I’m a wound nurse in a hospital. My explanation won’t be as technical as the excellent one above, but we see nec fasc fairly often (1-2 times a month, give or take), so here’s what I can add.

Nec fasc could occur anywhere, but by far we see it most often in the groin/perineum. It even has its own name in that area - Fournier’s Gangrene.

Now, the trunk is generally well perfused. So is the head, as opposed to the periphery (and especially feet/toes). So why do we see it more there as opposed to in appendages? Because that area has folds that, especially in overweight people, stay moist and warm. Friction between the skin in the folds can create openings for letting in bacteria. Some people are already prone to boils here, which contributes to risk. And some people don’t have the best hygiene. All of this together, and usually with an accompanying complication like diabetes, alcohol dependence, truck drivers (long periods of vibration increasing friction between folds), etc. makes this area of the body ripe for this particular infection.

I have seen nec fasc in arms that had to be amputated.

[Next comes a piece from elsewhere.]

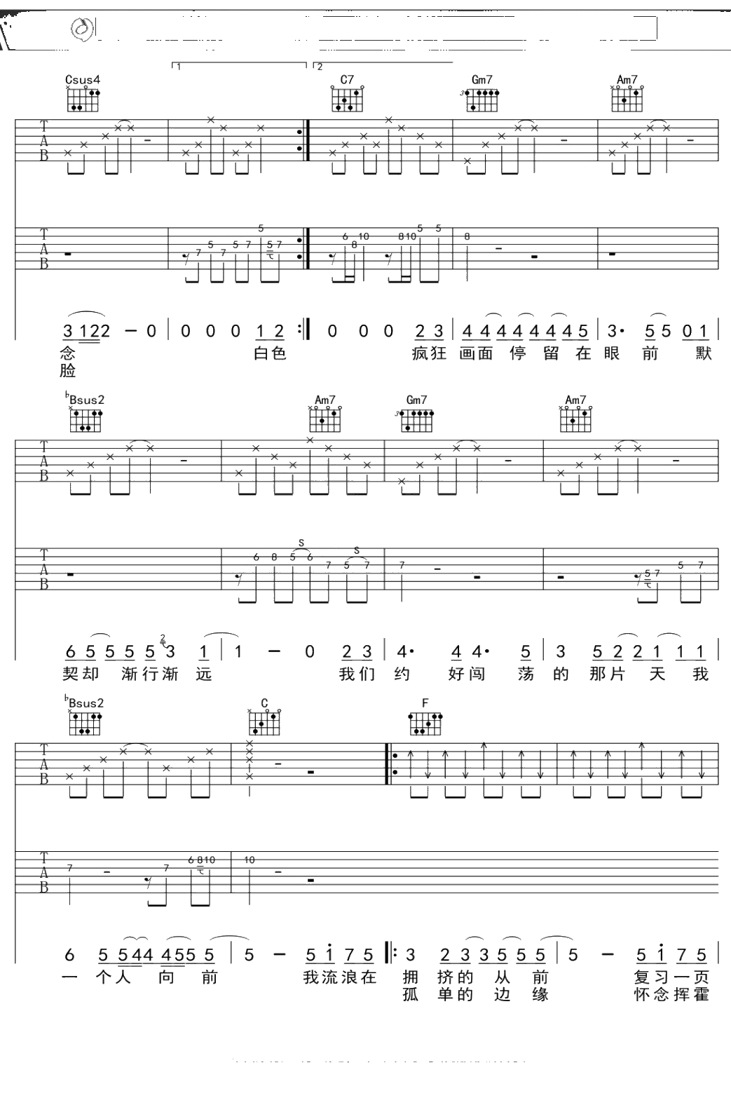 飞轮海《一个人流浪》吉他谱 弹唱六线谱吉他谱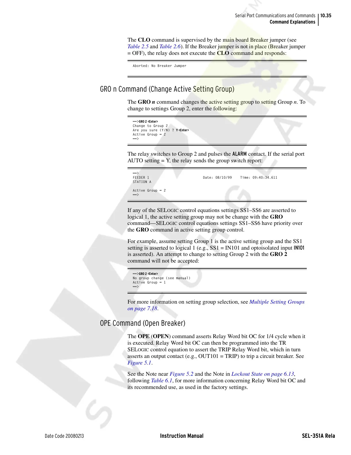 The GRO n command changes the active setting group to setting Group n. To

I’ve seen it threaten someone’s life because they dry-shaved right before swimming in a lake (razors cause microabrasions in the skin, lakes are nasty). I’ve seen it in scrotums, around rectums, in labia, abdominal folds, even in breast folds. But I have never seen it in a mouth or throat. Considering how quickly these infections spread, that would be disastrous from the perspective of needing to continue to use those structures for the rest of your life (treatment of nec fasc is generally immediate surgery of a wide area of tissues to contain the infection).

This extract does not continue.